### Information shown
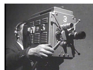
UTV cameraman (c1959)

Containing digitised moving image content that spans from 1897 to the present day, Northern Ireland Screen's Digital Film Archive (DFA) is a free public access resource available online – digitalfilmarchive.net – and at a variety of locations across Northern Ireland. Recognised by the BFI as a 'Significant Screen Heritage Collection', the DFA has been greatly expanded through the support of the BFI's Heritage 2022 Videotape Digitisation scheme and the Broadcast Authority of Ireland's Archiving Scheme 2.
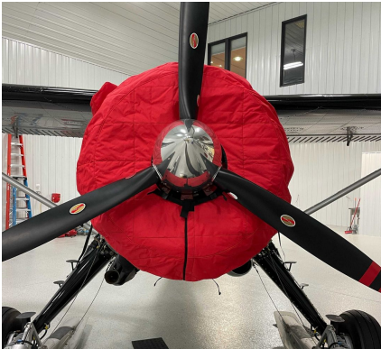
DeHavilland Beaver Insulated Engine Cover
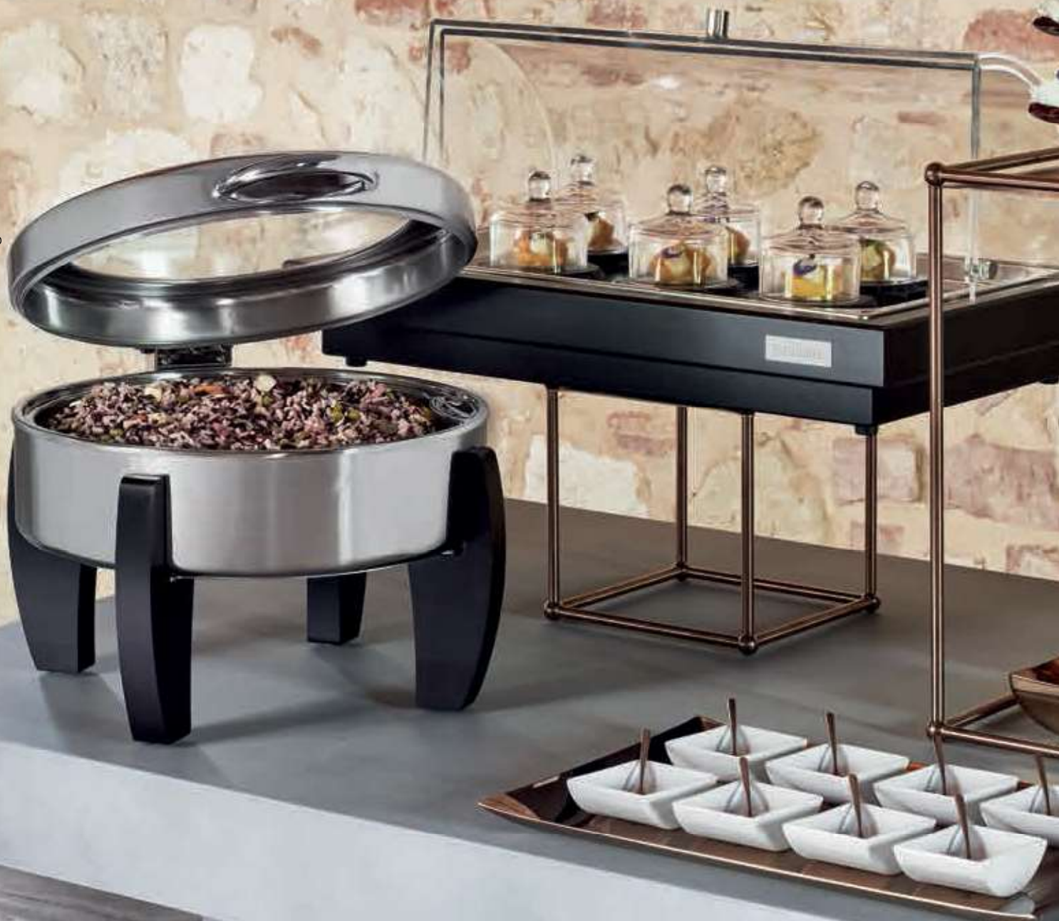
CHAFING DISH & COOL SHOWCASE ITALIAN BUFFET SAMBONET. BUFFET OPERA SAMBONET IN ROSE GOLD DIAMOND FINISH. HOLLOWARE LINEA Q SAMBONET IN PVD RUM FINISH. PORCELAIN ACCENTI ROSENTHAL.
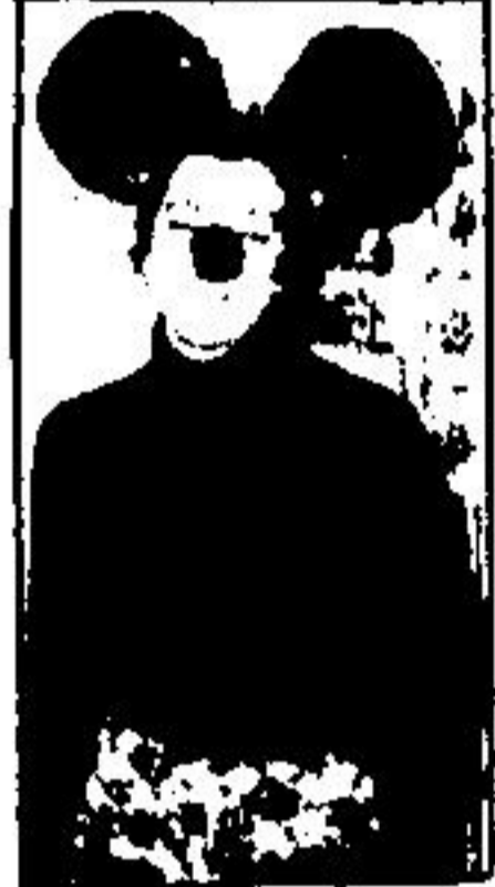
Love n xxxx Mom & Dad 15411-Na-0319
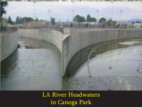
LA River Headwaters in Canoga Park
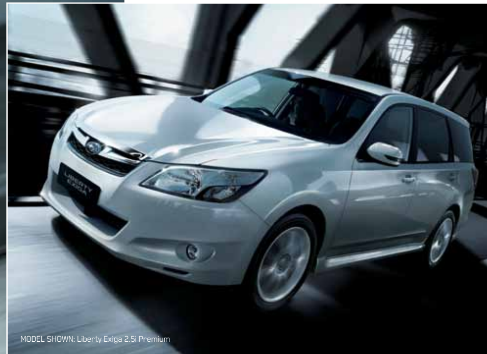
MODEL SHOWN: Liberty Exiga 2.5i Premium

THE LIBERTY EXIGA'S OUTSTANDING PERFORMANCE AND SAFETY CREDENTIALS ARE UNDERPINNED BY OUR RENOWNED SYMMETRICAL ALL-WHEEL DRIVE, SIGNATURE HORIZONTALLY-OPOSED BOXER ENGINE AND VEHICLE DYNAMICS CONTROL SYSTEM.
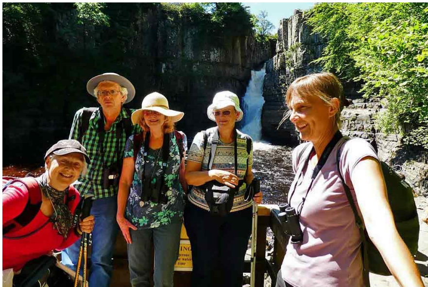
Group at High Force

### What is being asked
If the records include pictures, omit them and transcribe everything else exactly.

### Expected answer
UTV cameraman (c1959)

Containing digitised moving image content that spans from 1897 to the present day, Northern Ireland Screen's Digital Film Archive (DFA) is a free public access resource available online – digitalfilmarchive.net – and at a variety of locations across Northern Ireland. Recognised by the BFI as a 'Significant Screen Heritage Collection', the DFA has been greatly expanded through the support of the BFI's Heritage 2022 Videotape Digitisation scheme and the Broadcast Authority of Ireland's Archiving Scheme 2.
DeHavilland Beaver Insulated Engine Cover
CHAFING DISH & COOL SHOWCASE ITALIAN BUFFET SAMBONET. BUFFET OPERA SAMBONET IN ROSE GOLD DIAMOND FINISH. HOLLOWARE LINEA Q SAMBONET IN PVD RUM FINISH. PORCELAIN ACCENTI ROSENTHAL.
Love n xxxx Mom & Dad 15411-Na-0319
LA River Headwaters in Canoga Park
MODEL SHOWN: Liberty Exiga 2.5i Premium

THE LIBERTY EXIGA'S OUTSTANDING PERFORMANCE AND SAFETY CREDENTIALS ARE UNDERPINNED BY OUR RENOWNED SYMMETRICAL ALL-WHEEL DRIVE, SIGNATURE HORIZONTALLY-OPOSED BOXER ENGINE AND VEHICLE DYNAMICS CONTROL SYSTEM.
Group at High Force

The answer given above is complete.